Patent Publication Number: US-4548117-A

Title: Non-dulling slitter

Description:
BACKGROUND OF THE INVENTION 
     1. Field of the Invention 
     This invention relates in general to the art of shearing continuously running web material such as paper, and is more particularly concerned with rotary slitter apparatus wherein cooperating slitter elements often refer to as a slitter and a slitter band slit the web as the web travels longitudinally through the slitter. 
     2. Description of Prior Art 
     Slitters of the kind with which the present invention is concerned are well represented in U.S. Pat. Nos. 3,122,958; 3,459,086 3,682,023, the disclosures of which to any extent necessary are incorporated herein by reference, and in particular as to advantageous orientations of the cooperating rotary slitter members. A major problem that these patents have addressed has been the attainment of clean severance with minimum dust generation and clean non-frayed edges on the slit web. In addition, these patents present various schemes for improving the wearing qualities of the cooperating slitting edges of the rotating slitter elements. 

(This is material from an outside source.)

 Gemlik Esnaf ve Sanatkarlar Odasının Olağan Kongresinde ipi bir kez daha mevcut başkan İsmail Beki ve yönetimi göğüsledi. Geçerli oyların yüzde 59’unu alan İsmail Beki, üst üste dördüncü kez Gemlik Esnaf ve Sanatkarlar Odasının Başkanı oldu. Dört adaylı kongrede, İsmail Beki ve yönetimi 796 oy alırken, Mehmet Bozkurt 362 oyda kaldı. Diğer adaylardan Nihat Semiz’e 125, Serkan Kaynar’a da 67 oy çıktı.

     However, there is still room for improvement in the cutting edges of the rotary slitter element. When it is considered that the slitters operate at web running speeds of up to 6,000 feet per minute it will be appreciated that the wear factor is of considerable concern. In U.S. Pat. No. 3,122,958 it was proposed to prolong slitter life by applying a bonded thin layer of spark-deposited carbide surface on the perimeter or axial face of the rotary slitter elements, together with beveling of the slitter member back of the applied hard layer and running out to the edge of the layer to afford support for the cutting edge of the slitter member. 

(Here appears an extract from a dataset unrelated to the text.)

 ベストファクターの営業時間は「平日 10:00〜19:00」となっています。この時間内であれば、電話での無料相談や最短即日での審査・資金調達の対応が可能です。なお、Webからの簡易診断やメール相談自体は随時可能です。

     In U.S. Pat. No. 3,459,086, it is indicated that a thin hardened layer of wear resisting material such as tungsten carbide or aluminum oxide applied as by flame coating process may be used, similarly as in U.S. Pat. No. 3,122,958. In addition, a suggestion is made that the outer layer may be in the form of a separate band which is shrink-fitted in place, with a machining or grinding of the outer surface to obtain concentricity. However, this U.S. Pat. No. 3,459,086 indicates the necessity of providing complete underlying support for the hardened peripheral layer, and much attention is given to the effects of wear on the cutting action of the band and blade. 

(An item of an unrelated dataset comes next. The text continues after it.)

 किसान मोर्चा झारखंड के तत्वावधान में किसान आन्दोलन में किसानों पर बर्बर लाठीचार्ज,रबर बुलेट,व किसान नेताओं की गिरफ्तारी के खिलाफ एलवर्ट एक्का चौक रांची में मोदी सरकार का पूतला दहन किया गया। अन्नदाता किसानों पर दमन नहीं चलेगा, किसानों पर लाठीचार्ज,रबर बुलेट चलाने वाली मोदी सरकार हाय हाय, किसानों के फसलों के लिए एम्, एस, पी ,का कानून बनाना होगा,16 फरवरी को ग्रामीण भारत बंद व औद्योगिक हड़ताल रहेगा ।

     In U.S. Pat. No. 3,682,032 the problem is attacked by provision of lips formed on the body of the blade, with a hardened layer on the perimeter over the lip and coextensive with the axial dimension of the lip. 
     SUMMARY OF THE INVENTION 
     An important object of the present invention is to provide a new and improved rotary slitter construction which provides a cutting edge which is long lasting and substantially non-dulling in operation for the intended purpose. In particular, the present invention provides a new and improved rotary slitter cutting edge which frees the body or hub structure of the slitter from involvement in the slitting action, in contrast to prior practice, such as exemplified in the foregoing U.S. patents. 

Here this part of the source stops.